Yes, you can do that, if you have the raw-information so you can get the 
A-REF, B-REF and A-B time-interval measures. Letting REF be C in a 
classic "three corner hat" works.

> Looking at frequency difference chart two oscillators (DOCXO-RB) seem 
> to be long term more stable with respect to each other compared to the 
> two other combinations (OCXO-Rb and DOCXO-OCXO), these two act as if 
> they are each others opposite. Of course this is just looking at the 
> plot so my questions are:
> - Is this the correct way to use a 2 channel frequency counter to get 
> info on 3 oscillators?
You can do that. Considering you get A-REF and B-REF you have two of the 
measures. Then subtracting these yields (A-REF)-(B-REF) = A-REF-B+REG = 
A-B. Then for A-B the REF is only a transfer oscillator.
>
> - What (mathematical) tools can be used to get insight in the 
> performance of the 3 oscillators individually?

The three-cornered hat uses the ADEV stability sigma^2_AB, sigma^2_AC 
and sigma^2_BC. Considering that these are power-sums from sigma^2_A, 
sigma^2_B and sigma^2_C like this

sigma^2_AB = sigma^2_A + sigma^2_B
sigma^2_AC = sigma^2_A + sigma^2_C
sigma^2_BC = sigma^2_B + sigma^2_C

these can be solves using normal linear algebra since there is three 
relationships and three unknown.

All these being the AVAR of each source, and processed independently for 
each tau.

The trouble with this is that signal is noisy before the square, so you 
can get biases and even resolve into negative numbers as consequence.

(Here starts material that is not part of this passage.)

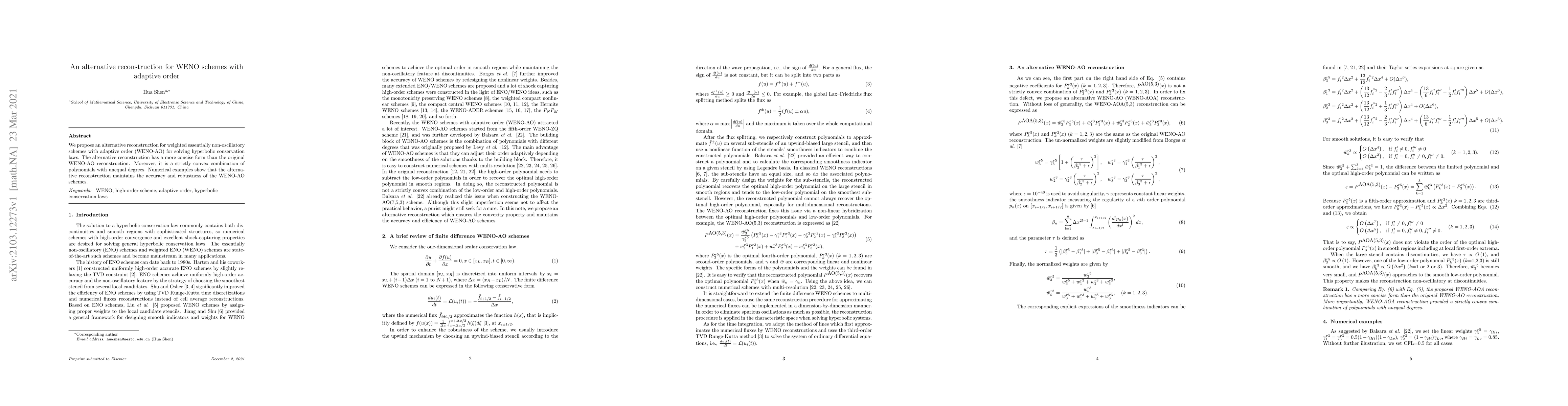 This paper introduces an alternative, more concise reconstruction for adaptive order weighted essentially non-oscillatory (WENO-AO) schemes, maintaining accuracy and robustness while being a strictly convex combination of polynomials with unequal degrees. Numerical results confirm its effectiveness.

There is essentially two ways to leverage that. One is to use the 
Groslamberth processing or you use a cross-correlation technique. Both 
of these works the problem by average multiple measurements before the 
squaring. That way you build a stable measure before the processing and 
avoid problematic situations.

For Groslamberth processing, see the work of Prof. Francois Vernotte in 
recent years.

This approach has only recently been added to IEEE Std 1139.

>
> I've read about 3-cornered hat and using the three frequency 
> measurements I know how to calculate the taus of each pair and import 
> into stable 32 to do the 3-cornered hat calculation but what would 
> that tell?

Stable32 can even calculate the stability for each measure. You can also 
use the TimeLab to do 3-cornered hat.

Cheers,
Magnus